Eosjs-ecc produced different signature comparing to eos with same parameters

[ceeji]

I found eosjs-ecc will produce different signature with same data and same private key.

For example, when I generate signatures for byte[32] which is filled with zero from EOS like this (the private key below is just for test so it is safe to post it):

char b[32];
    memset(b, 0, sizeof(b));
    auto sb = sha256(b, sizeof(b));
    auto strpkey = std::string("5HxQKWDznancXZXm7Gr2guadK7BhK9Zs8ejDhfA9oEBM89ZaAru");
    auto pkey = eos::chain::private_key_type(strpkey);
    auto sig2 = pkey.sign(sb);
    auto strsig2 = (std::string)sig2;
    printf("%s\n", strsig2.c_str());

And the output is different from generating signatures with same parameters from eosio-ecc:

const ecc = require('./eosjs-ecc');

var pkey = '5HxQKWDznancXZXm7Gr2guadK7BhK9Zs8ejDhfA9oEBM89ZaAru';
var buf = Buffer.alloc(32, 0);
var sig = ecc.signHash(buf, pkey);
console.log(sig);

So I can not use the signature to call APIs of EOS. What is the problem?

PS: I have confirmed the signature signed by eosjs-ecc can be virefied succesful by verifyHash as follow:

const ecc = require('./eosjs-ecc');

var pkey = '5HxQKWDznancXZXm7Gr2guadK7BhK9Zs8ejDhfA9oEBM89ZaAru';
var buf = Buffer.alloc(32, 0);
var sig = ecc.signHash(buf, pkey);
console.log(sig);

var pubkey = ecc.privateToPublic(pkey);
console.log(pubkey);
var r = ecc.verifyHash(sig, buf, pubkey);
console.log(r);

console.log(ecc.recoverHash(sig, buf));

[ceeji]

Since I am signing only a 32-bit zero array, so this problem is surely not relative to ABI, structs or something else.

[jcalfee]

Do you know of a easy way to run c++ code like you provided outside of the eos source tree? Every-time I hack something in eos source tree I end up deleting it or loosing it in my git stashes .. lol

[ceeji]

@jcalfee Why you want to run it out of the source tree? You can easily restore your code via git so you can just paste the code to eos's source code.
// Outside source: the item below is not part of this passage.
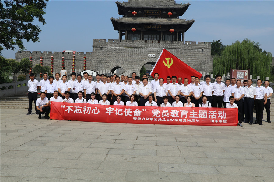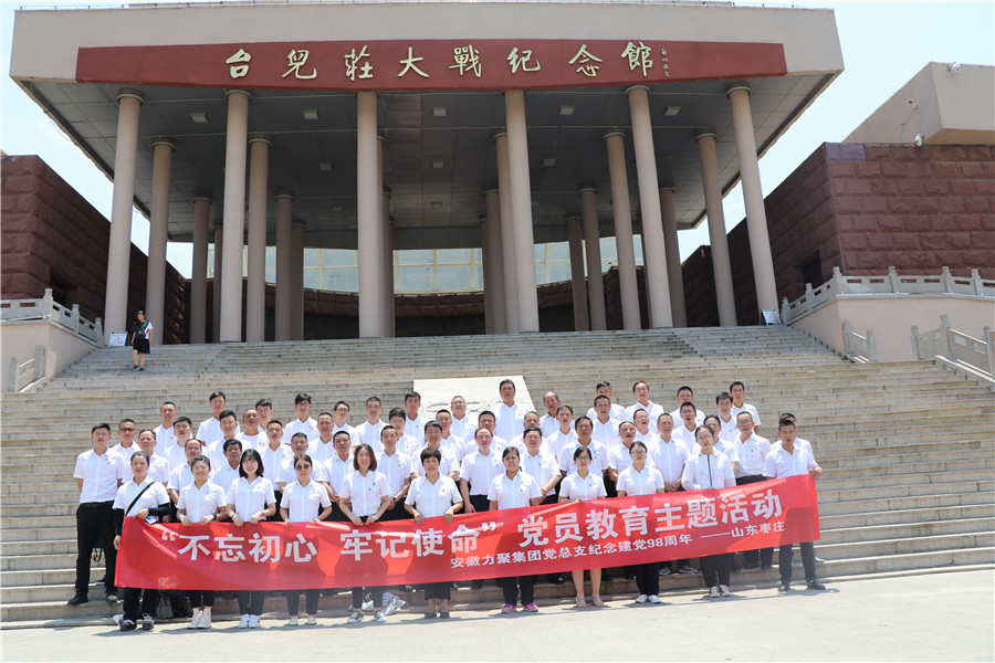 为庆祝中国共产党建党98周年,重温党的光辉历史,高举党的伟大旗帜,认真学习贯彻新时代中国特色社会主义思想,全面提升力聚集团全体党员的党性意识、增强使命感和责任感,6月30日—7月2日,集团党总支组织全体党员赴山东红色教育基地开展“不忘初心 牢记使命”党员教育系列活动。

Anyone who know the reason of the topic? Thanks.

[jcalfee]

Have a look over here:
possibly related: EOSIO/eosjs-ecc#17

[ceeji]

@jcalfee Thanks. I know EOS use special technology to make the signature "canonical ", but eosjs-ecc itself is aimed to meet the requirement of EOS. And from its source code I can see it has alread done the things needed to produce a valid signature.
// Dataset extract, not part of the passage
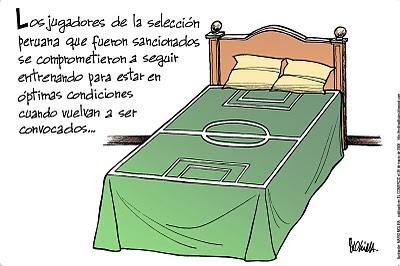 28 años sin que equipo peruano llegue a un mundial , los peruanos hemos tenido que conformarnos (una vez más)con alentar a los países vecinos, que puede sonar muy panamericano, pero el corazón del hincha peruano es hoy una pelota desinflada. Curiosamente los mismos que conspiraron con su ineficiencia, poco cariño a la camiseta, y la incapacidad para planificar son los único s que pudieron escuchar cantar en vivo el Waka-waka. Pero cuando todo está perdido y hasta Dios a veces se pone la camiseta ajena once peruanos han decidido ponerse la camiseta del humor y sudar tinta, así aparece "Por Humor a la Camiseta" una exposición con el tema del mundial de fútbol que demuestra que al menos en el humor para Perú, no todo está perdido.Integran el equipo: En el arco Mario Molina, defensas, Pepe Sanmartín, Julio Carrión "Karry", Víctor Sanjinéz, medio campo Javier Prado, Nebver San Martín, Mechain, en la punta Andrés Edery, Carlos Lavida y Omar Zevallos. DT: Leonardi. (En Homenaje).

I have read the code in eosjs-ecc to sign a hash:

while (true) {
        ecsignature = ecdsa.sign(curve, dataSha256, privateKey.d, nonce++);
        der = ecsignature.toDER();
        console.log("der: " + der.toString('hex'))
        lenR = der[3];
        lenS = der[5 + lenR];
        if (lenR === 32 && lenS === 32) {
            i = ecdsa.calcPubKeyRecoveryParam(curve, e, ecsignature, privateKey.toPublic().Q);
            i += 4; // compressed
            i += 27; // compact  //  24 or 27 :( forcing odd-y 2nd key candidate)
            break;
        }
        if (nonce % 10 === 0) {
            console.log("WARN: " + nonce + " attempts to find canonical signature");
        }
    }

It seems to be fantastic.

But the signature it returns is not the same as EOS chain does. So why is it? It is really strange.

[ceeji]

For example, when i signed 32-bit zeros, EOS produces SIG_K1_Jz9d1rKmMV51EY6dnU3pNaDiLvGTeVdxDZGvJEfAkdcwzs97gNg5yYPhPSdEg33Jyp5736Tnnzccf1p6h6vedXpHSUBio1 and eosjs-ecc produces SIG_K1_KjLTq9WozaHp2fNNfSZmTzcqiu82gPcVU3ZyaEZJgH3WykSANvun9t3Pw6Z2xvbAcz24rcKBADWG7nvzq9wAobpq62CYVC.

Anyone who has ideas about this?

[jcalfee]

Moving this ticket to here => EOSIO/eosjs-ecc#20

Transaction uniqueness is checked on the unsigned transaction, not the signed transaction. Additionally @arhag points out there are extra checks for superfluous signatures protecting bandwidth. So I will not re-add the high-priority label. That said, we do intend to closely followed RFC 6979 signature algorithm.